▶ _WORK REQUEST_: Write out every entry, unchanged. Skip any picture.

▶ _SOURCE DATA_:
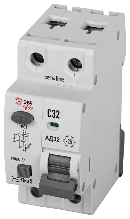 ЭРА АВДТ 4,5кА PRO D32E2C32S100 АД-32 электронное 1P+N C32 100мА тип S
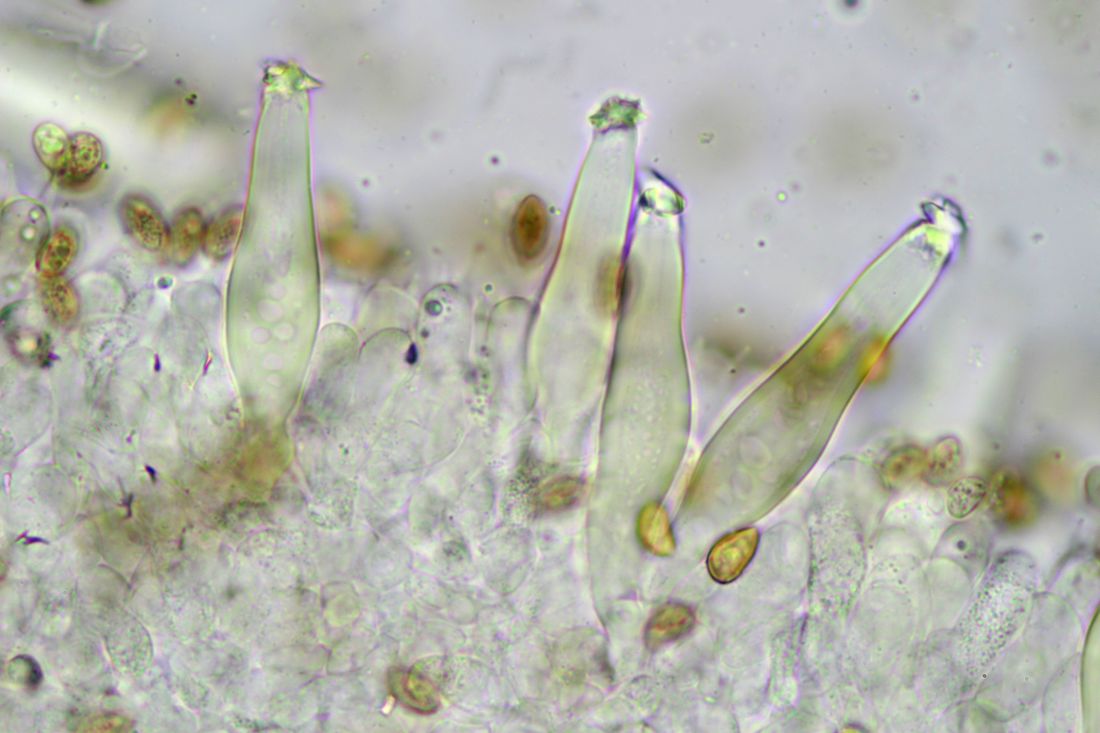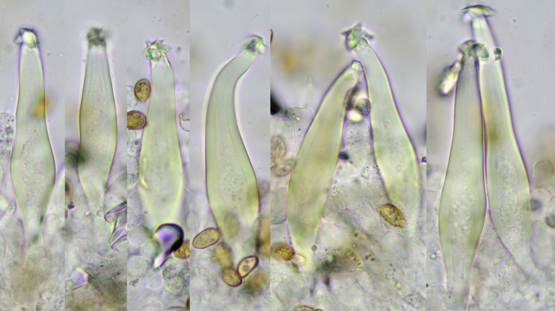Kaulozystiden sehr lang, den gesamten Stiel bis unten überziehend. Beim größten Exemplar auf den Makrofotos auch zu erkennen.
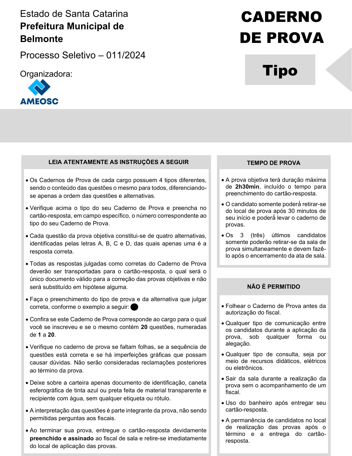 LEIA ATENTAMENTE AS INSTRUÇÕES A SEGUIR TEMPO DE PROVA • Os Cadernos de Prova de cada cargo possuem 4 tipos diferentes, sendo o conteúdo das questões o mesmo para todos, diferenciando- se apenas a ordem das questões e alternativas. • Verifique acima o tipo do seu Caderno de Prova e preencha no cartão-resposta, em campo específico, o número correspondente ao tipo do seu Caderno de Prova. • Cada questão da prova objetiva constitui-se de quatro alternativas, identificadas pelas letras A, B, C e D, das quais apenas uma é a resposta correta. • Todas as respostas julgadas como corretas do Caderno de Prova deverão ser transportadas para o cartão-resposta, o qual será o único documento válido para a correção das provas objetivas e não será substituído em hipótese alguma. • Faça o preenchimento do tipo de prova e da alternativa que julgar correta, conforme o exemplo a seguir: • Confira se este Caderno de Prova corresponde ao cargo para o qual você se inscreveu e se o mesmo contém 20 questões, numeradas de 1 a 20. • Verifique no caderno de prova se faltam folhas, se a sequência de questões está correta e se há imperfeições gráficas que possam causar dúvidas. Não serão consideradas reclamações posteriores ao término da prova. • Deixe sobre a carteira apenas documento de identificação, caneta esferográfica de tinta azul ou preta feita de material transparente e recipiente com água, sem qualquer etiqueta ou rótulo. • A interpretação das questões é parte integrante da prova, não sendo permitidas perguntas aos fiscais. • Ao terminar sua prova, entregue o cartão-resposta devidamente preenchido e assinado ao fiscal de sala e retire-se imediatamente do local de aplicação das provas. • A prova objetiva terá duração máxima de 2h30min, incluído o tempo para preenchimento do cartão-resposta. • O candidato somente poderá́ retirar-se do local de prova após 30 minutos de seu início e poderá́ levar o caderno de provas. • Os 3 (três) últimos candidatos somente poderão retirar-se da sala de prova simultaneamente e devem fazê- lo após o encerramento da ata de sala. NÃO É PERMITIDO • Folhear o Caderno de Prova antes da autorização do fiscal. • Qualquer tipo de comunicação entre os candidatos durante a aplicação da prova, sob qualquer forma ou alegação. • Qualquer tipo de consulta, seja por meio de recursos didáticos, elétricos ou eletrônicos. • Sair da sala durante a realização da prova sem o acompanhamento de um fiscal. • Uso do banheiro após entregar seu cartão-resposta. • A permanência de candidatos no local de realização das provas após o término e a entrega do cartão- resposta. CADERNO DE PROVA Tipo Estado de Santa Catarina Prefeitura Municipal de Belmonte Processo Seletivo – 011/2024 Organizadora: Operador de Equipamento Rodoviário (CNH categoria C) 1 Conhecimentos Específicos Questão 01 Em um ambiente de trabalho, a comunicação eficiente e o relacionamento interpessoal são essenciais para o bom desempenho das atividades. Qual das atitudes abaixo demonstra uma postura profissional adequada para promover uma comunicação clara e manter um tratamento respeitoso com colegas e superiores? (A) Resolver conflitos com colegas de maneira rápida e direta, sem envolver superiores, mesmo que isso gere desconforto no ambiente. (B) Sempre usar uma linguagem técnica e complexa nas reuniões, mesmo que alguns colegas tenham dificuldade em entender. (C) Demonstrar empatia e atenção ativa ao ouvir os colegas, mantendo uma postura respeitosa e evitando interrupções durante conversas. (D) Evitar perguntar dúvidas a colegas para não parecer inexperiente, buscando resolver todos os problemas por conta própria. Questão 02 De acordo com as regras de circulação e conduta para operadores de máquinas pesadas, qual das alternativas abaixo representa a atitude correta ao operar uma retroescavadeira em vias públicas? (A) A máquina pode ser utilizada em qualquer via pública, desde que o operador tenha habilitação categoria "B". (B) O operador deve usar cinto de segurança apenas em rodovias, sendo opcional em áreas urbanas. (C) É permitido conduzir a retroescavadeira em alta velocidade, desde que o operador tenha experiência. (D) O operador deve garantir que a carga transportada esteja devidamente fixada e a caçamba ou garfo esteja na posição mais baixa possível durante o transporte. Questão 03 Moyses estava deslocando numa via local do seu Município até que se deparou com uma placa de regulamentação de formato triangular com contorno vermelho e fundo branco. O nome da placa em questão é: (A) Cuidado. (B) Dê a preferência. (C) Pare. (D) Siga com cuidado. Questão 04 Assinale qual das máquinas abaixo é mais recomendada em serviços de pavimentação, mais especificamente na etapa de compactação da camada de massa asfáltica. (A) Rolo compactador. (B) Vibroacabadora. (C) Patrol. (D) Caminhão espargidor. Questão 05 Camila é operadora de retroescavadeira em vias públicas e renovou sua carteira D com 35 anos. Assim, pode-se afirmar que ela deverá renovar sua carteira com: (A) 38 anos. (B) 37 anos. (C) 40 anos. (D) 45 anos. Questão 06 Marquinhos precisará de uma máquina para auxiliar na descida de tubos de concreto armado para execução de uma galeria de águas pluviais. A máquina mais apropriada para esse serviço dentre as apresentadas abaixo é a: (A) Rolo compactador. (B) Escavadeira hidráulica. (C) Motoniveladora. (D) Extrusora. Questão 07 Lucas está trafegando em uma via arterial,ele não avistou nenhuma placa de trânsito indicando a velocidade máxima permitida, sendo assim, ele concluiu que a velocidade máxima nesta via é de: (A) 40 km/h. (B) 60 km/h. (C) 80 km/h. (D) 30 km/h. Questão 08 A manutenção preventiva de máquinas rodoviárias é fundamental para garantir o funcionamento adequado e prolongar a vida útil dos equipamentos. Durante a execu
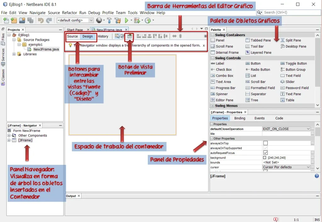 Utilizando el Editor de Diseño de NetBeans
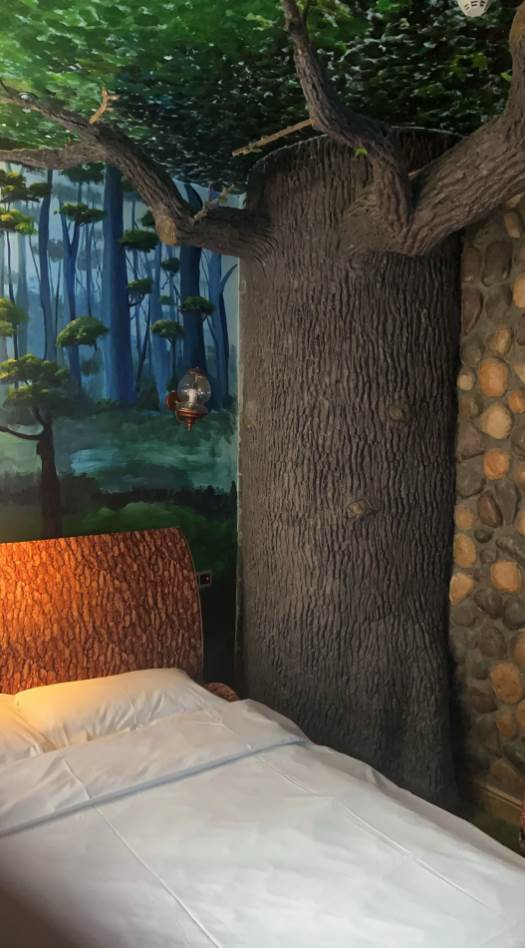 原PO最後為了哄女友開心,急忙取消訂房並訂了另外一個房間,但沒想到這間房間是超級叢林風,床的旁邊甚至有一截超大樹幹,根本像進入了白雪公主的世界XD
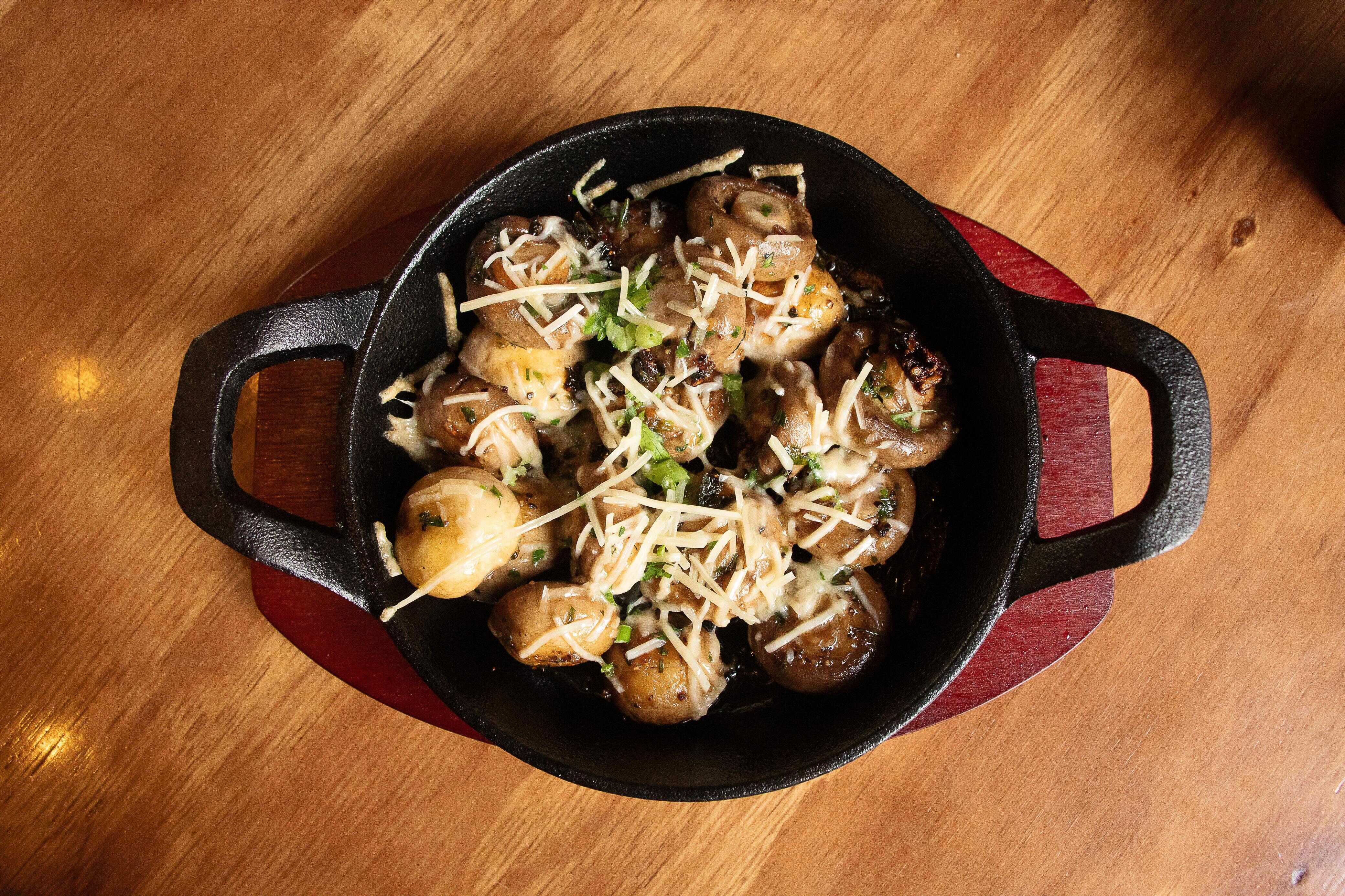 Champiñones frescos salteados al provenzal con perejil y queso parmesano.
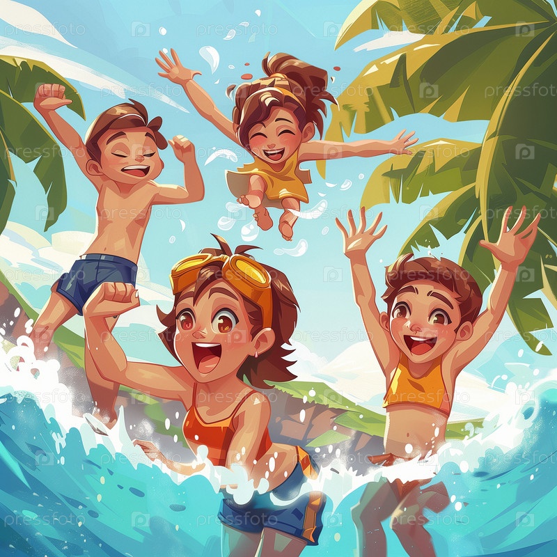 Летние пляжные командные игры в мультяшном стиле
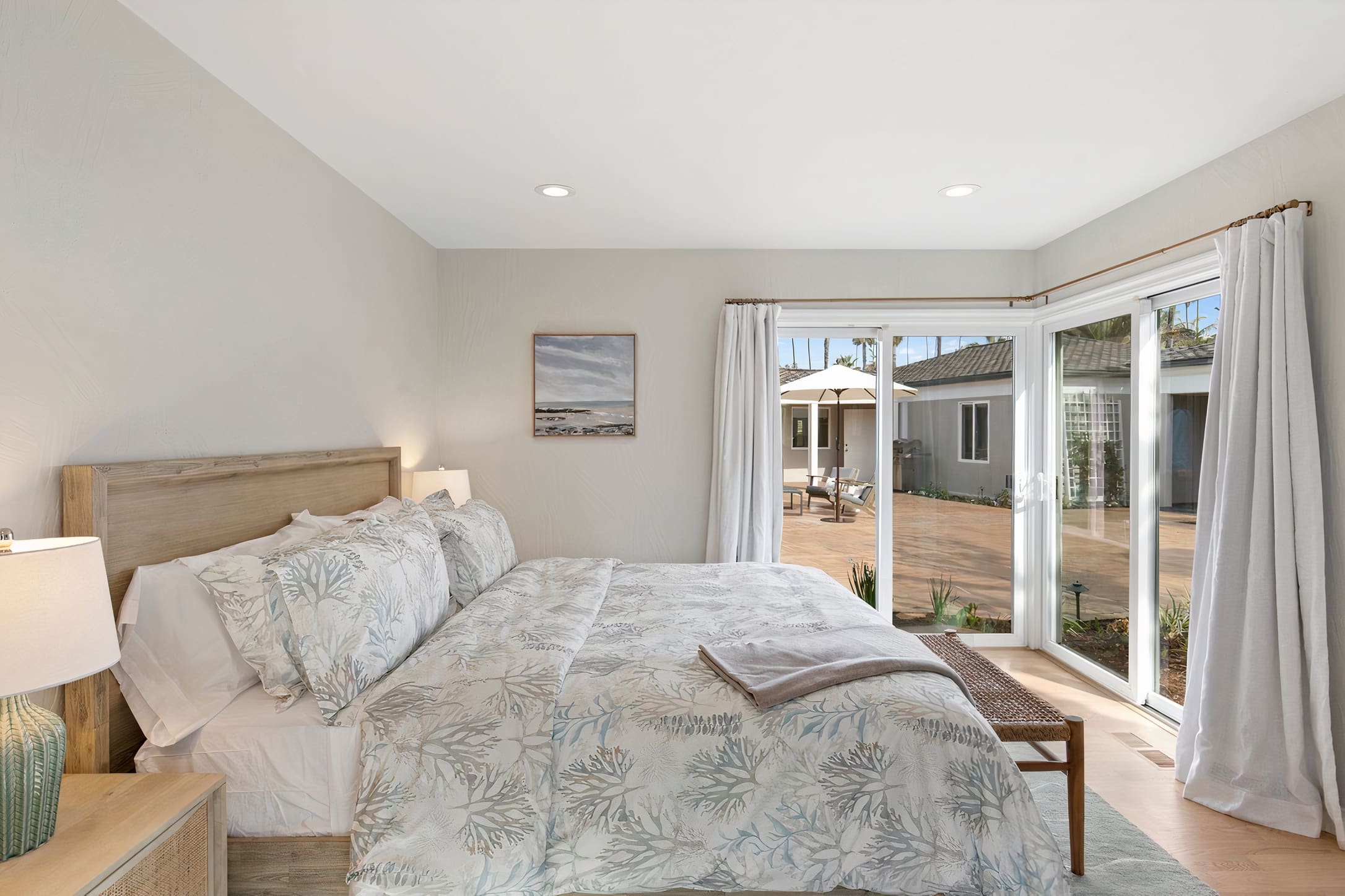 The outdoor spaces of this La Jolla villa are nothing short of spectacular. A private swimming pool serves as the centerpiece, complemented by sun-drenched terraces and lush gardens. Enjoy alfresco dining with the Pacific Ocean as your backdrop, or unwind with a book in one of the cozy outdoor lounges. The villa’s beachfront location provides direct access to the golden sands and sparkling waves of Windansea Beach.

▶ _REPLY_:
 ЭРА АВДТ 4,5кА PRO D32E2C32S100 АД-32 электронное 1P+N C32 100мА тип S
Kaulozystiden sehr lang, den gesamten Stiel bis unten überziehend. Beim größten Exemplar auf den Makrofotos auch zu erkennen.
 LEIA ATENTAMENTE AS INSTRUÇÕES A SEGUIR TEMPO DE PROVA • Os Cadernos de Prova de cada cargo possuem 4 tipos diferentes, sendo o conteúdo das questões o mesmo para todos, diferenciando- se apenas a ordem das questões e alternativas. • Verifique acima o tipo do seu Caderno de Prova e preencha no cartão-resposta, em campo específico, o número correspondente ao tipo do seu Caderno de Prova. • Cada questão da prova objetiva constitui-se de quatro alternativas, identificadas pelas letras A, B, C e D, das quais apenas uma é a resposta correta. • Todas as respostas julgadas como corretas do Caderno de Prova deverão ser transportadas para o cartão-resposta, o qual será o único documento válido para a correção das provas objetivas e não será substituído em hipótese alguma. • Faça o preenchimento do tipo de prova e da alternativa que julgar correta, conforme o exemplo a seguir: • Confira se este Caderno de Prova corresponde ao cargo para o qual você se inscreveu e se o mesmo contém 20 questões, numeradas de 1 a 20. • Verifique no caderno de prova se faltam folhas, se a sequência de questões está correta e se há imperfeições gráficas que possam causar dúvidas. Não serão consideradas reclamações posteriores ao término da prova. • Deixe sobre a carteira apenas documento de identificação, caneta esferográfica de tinta azul ou preta feita de material transparente e recipiente com água, sem qualquer etiqueta ou rótulo. • A interpretação das questões é parte integrante da prova, não sendo permitidas perguntas aos fiscais. • Ao terminar sua prova, entregue o cartão-resposta devidamente preenchido e assinado ao fiscal de sala e retire-se imediatamente do local de aplicação das provas. • A prova objetiva terá duração máxima de 2h30min, incluído o tempo para preenchimento do cartão-resposta. • O candidato somente poderá́ retirar-se do local de prova após 30 minutos de seu início e poderá́ levar o caderno de provas. • Os 3 (três) últimos candidatos somente poderão retirar-se da sala de prova simultaneamente e devem fazê- lo após o encerramento da ata de sala. NÃO É PERMITIDO • Folhear o Caderno de Prova antes da autorização do fiscal. • Qualquer tipo de comunicação entre os candidatos durante a aplicação da prova, sob qualquer forma ou alegação. • Qualquer tipo de consulta, seja por meio de recursos didáticos, elétricos ou eletrônicos. • Sair da sala durante a realização da prova sem o acompanhamento de um fiscal. • Uso do banheiro após entregar seu cartão-resposta. • A permanência de candidatos no local de realização das provas após o término e a entrega do cartão- resposta. CADERNO DE PROVA Tipo Estado de Santa Catarina Prefeitura Municipal de Belmonte Processo Seletivo – 011/2024 Organizadora: Operador de Equipamento Rodoviário (CNH categoria C) 1 Conhecimentos Específicos Questão 01 Em um ambiente de trabalho, a comunicação eficiente e o relacionamento interpessoal são essenciais para o bom desempenho das atividades. Qual das atitudes abaixo demonstra uma postura profissional adequada para promover uma comunicação clara e manter um tratamento respeitoso com colegas e superiores? (A) Resolver conflitos com colegas de maneira rápida e direta, sem envolver superiores, mesmo que isso gere desconforto no ambiente. (B) Sempre usar uma linguagem técnica e complexa nas reuniões, mesmo que alguns colegas tenham dificuldade em entender. (C) Demonstrar empatia e atenção ativa ao ouvir os colegas, mantendo uma postura respeitosa e evitando interrupções durante conversas. (D) Evitar perguntar dúvidas a colegas para não parecer inexperiente, buscando resolver todos os problemas por conta própria. Questão 02 De acordo com as regras de circulação e conduta para operadores de máquinas pesadas, qual das alternativas abaixo representa a atitude correta ao operar uma retroescavadeira em vias públicas? (A) A máquina pode ser utilizada em qualquer via pública, desde que o operador tenha habilitação categoria "B". (B) O operador deve usar cinto de segurança apenas em rodovias, sendo opcional em áreas urbanas. (C) É permitido conduzir a retroescavadeira em alta velocidade, desde que o operador tenha experiência. (D) O operador deve garantir que a carga transportada esteja devidamente fixada e a caçamba ou garfo esteja na posição mais baixa possível durante o transporte. Questão 03 Moyses estava deslocando numa via local do seu Município até que se deparou com uma placa de regulamentação de formato triangular com contorno vermelho e fundo branco. O nome da placa em questão é: (A) Cuidado. (B) Dê a preferência. (C) Pare. (D) Siga com cuidado. Questão 04 Assinale qual das máquinas abaixo é mais recomendada em serviços de pavimentação, mais especificamente na etapa de compactação da camada de massa asfáltica. (A) Rolo compactador. (B) Vibroacabadora. (C) Patrol. (D) Caminhão espargidor. Questão 05 Camila é operadora de retroescavadeira em vias públicas e renovou sua carteira D com 35 anos. Assim, pode-se afirmar que ela deverá renovar sua carteira com: (A) 38 anos. (B) 37 anos. (C) 40 anos. (D) 45 anos. Questão 06 Marquinhos precisará de uma máquina para auxiliar na descida de tubos de concreto armado para execução de uma galeria de águas pluviais. A máquina mais apropriada para esse serviço dentre as apresentadas abaixo é a: (A) Rolo compactador. (B) Escavadeira hidráulica. (C) Motoniveladora. (D) Extrusora. Questão 07 Lucas está trafegando em uma via arterial,ele não avistou nenhuma placa de trânsito indicando a velocidade máxima permitida, sendo assim, ele concluiu que a velocidade máxima nesta via é de: (A) 40 km/h. (B) 60 km/h. (C) 80 km/h. (D) 30 km/h. Questão 08 A manutenção preventiva de máquinas rodoviárias é fundamental para garantir o funcionamento adequado e prolongar a vida útil dos equipamentos. Durante a execu
 Utilizando el Editor de Diseño de NetBeans
 原PO最後為了哄女友開心,急忙取消訂房並訂了另外一個房間,但沒想到這間房間是超級叢林風,床的旁邊甚至有一截超大樹幹,根本像進入了白雪公主的世界XD
 Champiñones frescos salteados al provenzal con perejil y queso parmesano.
 Летние пляжные командные игры в мультяшном стиле
 The outdoor spaces of this La Jolla villa are nothing short of spectacular. A private swimming pool serves as the centerpiece, complemented by sun-drenched terraces and lush gardens. Enjoy alfresco dining with the Pacific Ocean as your backdrop, or unwind with a book in one of the cozy outdoor lounges. The villa’s beachfront location provides direct access to the golden sands and sparkling waves of Windansea Beach.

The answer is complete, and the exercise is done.